Despite these issues, do I like Dead State? I think so.
The mountainous list of responsibilities quickly becomes a second heartbeat. It flows with you. It orders your steps, your decisions, becomes central to all your major decisions. And when you’re least careful, it swallows you whole, dragging you into the heart of the experience. Dead State, like any good simulator, makes it easy to forget that you’re just a tourist, a visitor to this terrible land. Its ability to cultivate a suspension of disbelief even makes the game’s banal locations — supermarkets, pharmacies, and sleazy bars are everywhere on the map, just waiting to be unearthed — interesting. Dead State might well be the first game to have me excited at the discovery of an abandoned picnic.

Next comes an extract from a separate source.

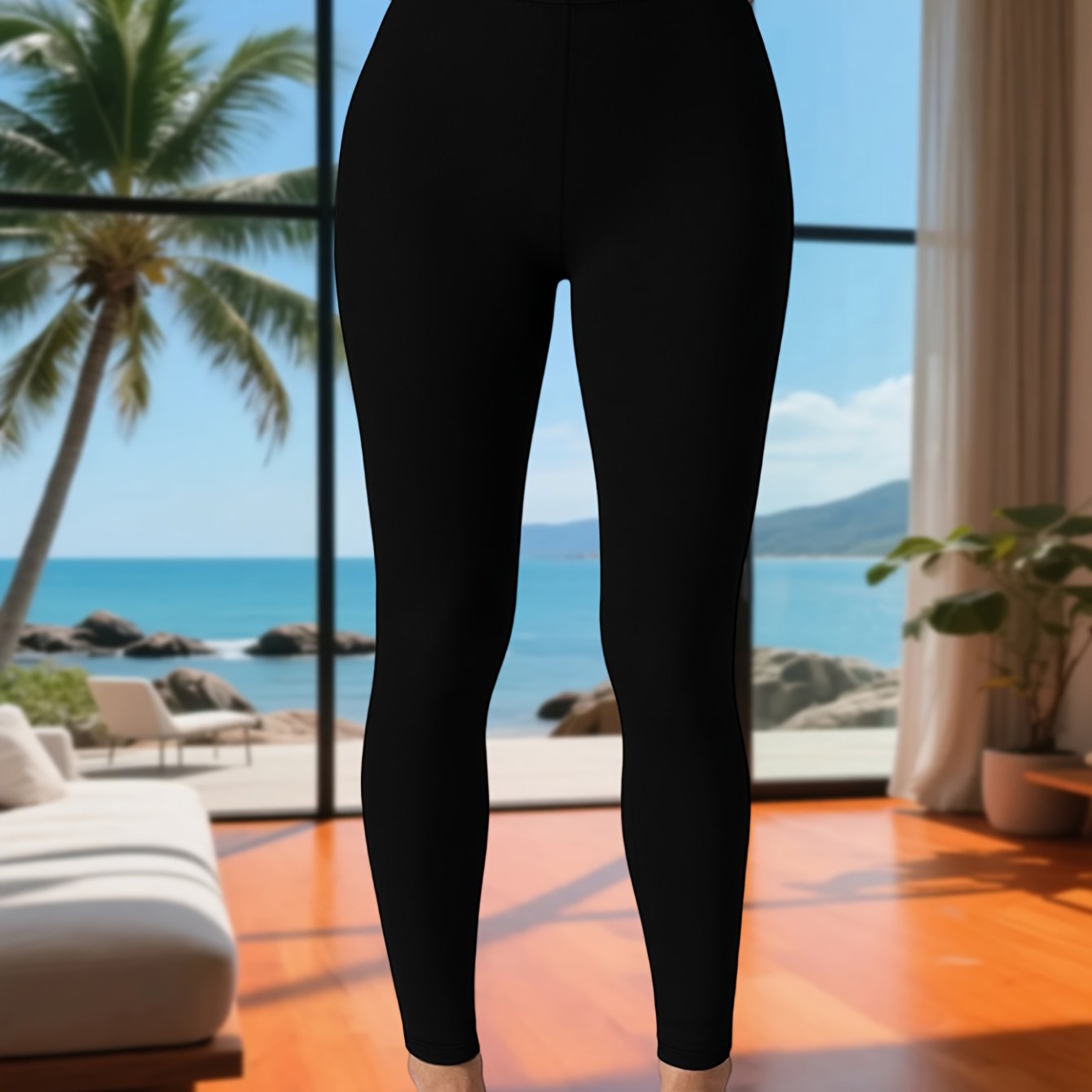 TEMU 특별 개발. 사계절 활용 가능한 블랙 시어 레깅스, 편안한 분위기로 세련된 룩 완성

As the world opens up and various crises occur, flavour is added to the functional processes that underpin the existence of the shelter and its inhabitants. The Crisis Events are especially important, and involve you being dragged centerstage into a community-based conflagration, where your opinion may make or break how the others view you. My first was disastrous. I opted to let the placid Davis experiment with a better water source and it caused a missionary and a sheriff to disapprove heavily of my “wishy-washy” behaviour. Whether by accident or not, this then led to the disappearance of my best melee fighter, and another bevy of complaints and requests. Problematic? Certainly, but also appealingly nail-biting as the Crisis Events make it clear that you can’t please everyone and that there is no right or wrong to anything in this game, only different shades of reality.
There are also many new allies to discover, providing an escape from the repetitive banter of those initial companions. But even as the game opens up, it is not without its problems. Technical issues arise from time to time – characters will occasionally glide, instead of walk, and they will clip through walls like part-time magicians.
Dead State is also a slow burn. Fences take hundreds of hours to build. Events unfold slowly over days, rather than at your whim. And resources? Resources are definitely scarce. Much of Dead State involves figuring out how to maintain a steady flow of food and fuel and luxury items and parts and whatever else your little commune needs, because they evaporate as quickly as water in the Sahara. The game will make you grit your teeth in frustration.
But it is also very good at making you feel triumphant.
I caught myself crowing in delight today, after cleaning out a supermarket of its goods. I killed twenty zombies, all without losing a single ally to infection or sudden death. My haul? About fifty pounds of food, ten gallons of fuel, and a pocketful of fresh berries. A pittance, really, given how quickly my survivors eat through their rations, and how rapidly the generator drains our fuel supplies. But it was more than anything I had acquired in the last three game days. Enough for me to last one night without going onto the field. (Which I will still do, but hey. The luxury of choice is a luxury indeed.)
And if that isn’t a success in this dead-eat-not-dead world, I don’t know what is.